Singles from Go Plastic
- "My Red Hot Car" Released: 21 May 2001;

= Go Plastic =

Go Plastic is the fifth studio album by British electronic musician Tom Jenkinson, under the alias of Squarepusher. It was released through Warp Records on 25 June 2001. It peaked at number 100 on the UK Albums Chart.

==Production==
Unlike many of his earlier albums such as Hard Normal Daddy and Music Is Rotted One Note, which often prominently featured live instrumentation (particularly drums and bass guitar), the sound palette on Go Plastic is almost exclusively synthetic, with an emphasis on high-velocity breakbeats subjected to extensive manipulation and granular effects.
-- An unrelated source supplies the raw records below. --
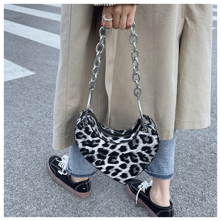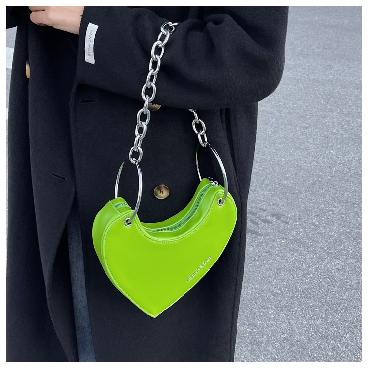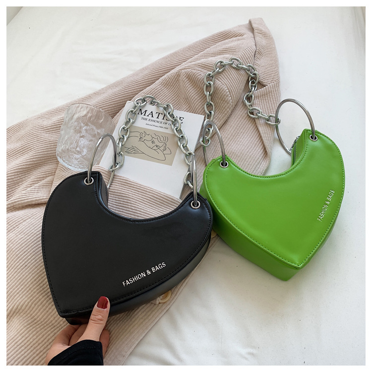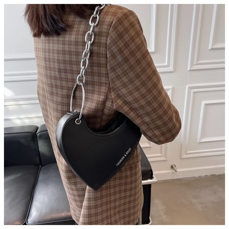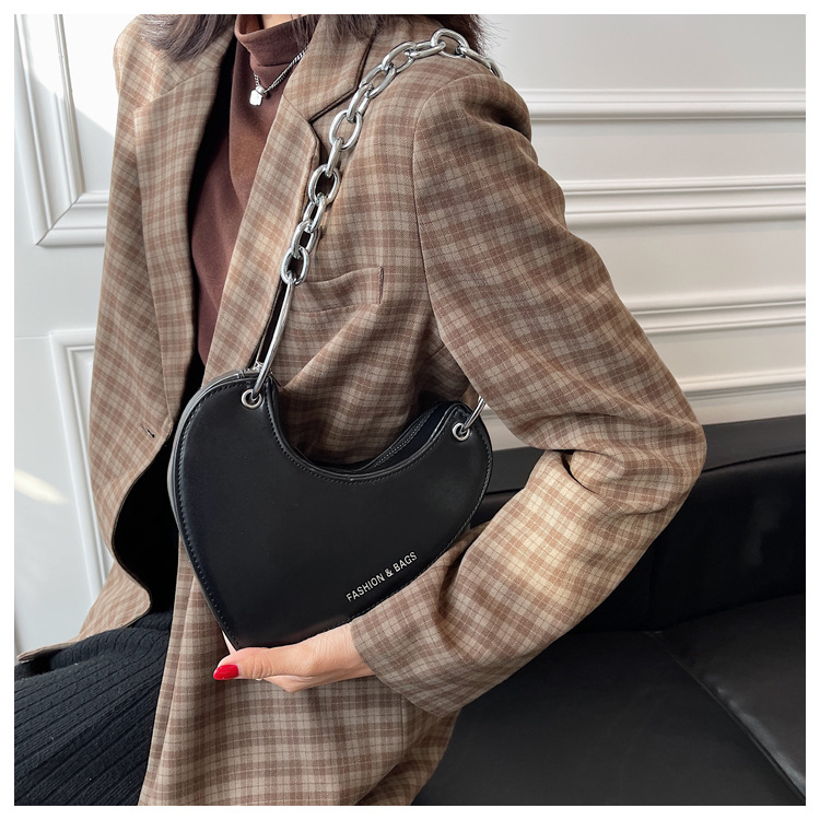 Kylethomasw Designer Thick Chain Handbags Women Luxury Ladies Heart Shaped Shoulder Bag Cute Female Clutch Purse Fashion Love Underarm Bag
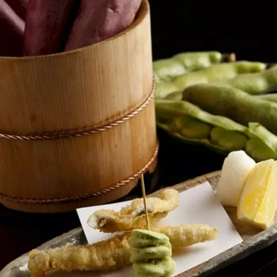 京野菜や旬の魚介など、京都ならではの食材を、熟練職人が一瞬の妙技で揚げる絶品の天ぷら。お昼のコースにも素材にこだわる想いが伝わってくる多彩なメニューがそろっています。四季の風景を感じられるお庭を眺めながらいただくお料理は、大切な人のつながりをいっそう深めてくれるはずです。
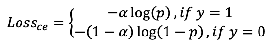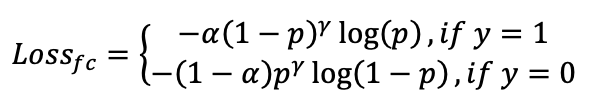 数据样本除了类别分布不均衡外,仍存在一定的难易样本不均衡的问题。尽管平衡了正负样本,但是对难以样本的平衡并没有帮助。易分样本通常较多,但是对模型的提升效果较小,因此模型应该适度的关注哪些难分样本。因此,引入focal loss损失函数[5]:
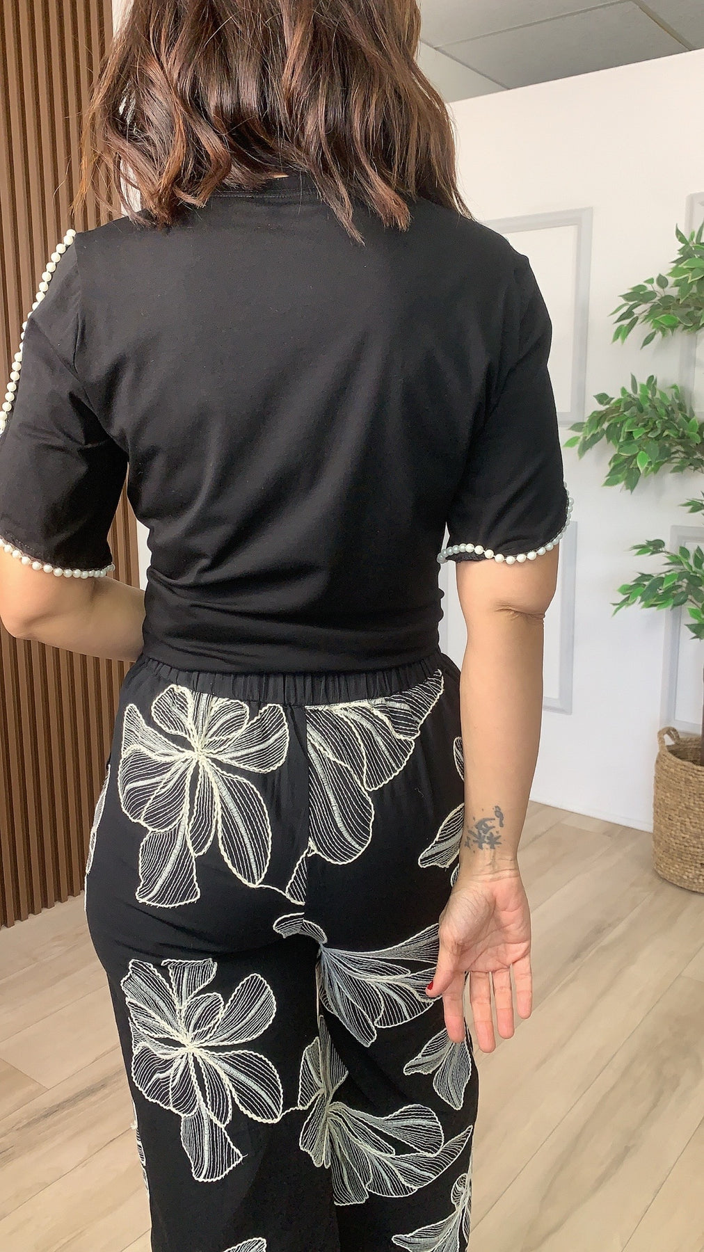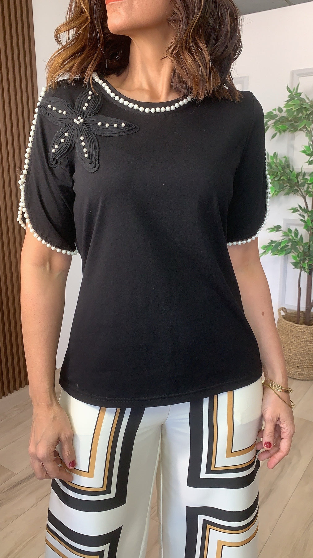 Elevate your everyday wardrobe with the Fértil Black Top, a sophisticated tee that seamlessly blends classic style with refined details. Featuring delicate pearl embellishments and a timeless round neckline, this short-sleeved essential delivers understated elegance for any occasion. Perfect for layering or wearing solo, it's the versatile piece you'll reach for again and again.

In a contemporaneous interview, Squarepusher claimed to be "fed up" with real instruments, wanting everything "brutal and digital."
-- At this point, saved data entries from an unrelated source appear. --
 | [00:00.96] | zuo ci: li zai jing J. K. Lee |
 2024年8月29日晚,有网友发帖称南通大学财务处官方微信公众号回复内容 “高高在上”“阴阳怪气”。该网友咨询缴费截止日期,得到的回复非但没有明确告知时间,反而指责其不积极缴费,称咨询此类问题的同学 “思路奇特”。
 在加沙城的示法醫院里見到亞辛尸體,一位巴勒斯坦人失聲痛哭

Despite this, the album was not produced using a computer, but rather by utilizing a range of hardware including the Eventide DSP4000 and Eventide Orville digital effects processors, Yamaha QY700 sequencers, Yamaha TX81Z and FS1R synthesizers, and an Akai S6000 sampler.

== Release ==
Go Plastic was released by Warp Records on 25 June 2001. It was released on both CD and 2xLP.

==Reception==

At Metacritic, which assigns a normalised rating out of 100 to reviews from mainstream critics, Go Plastic received an average score of 70, based on 17 reviews, indicating generally favorable reviews.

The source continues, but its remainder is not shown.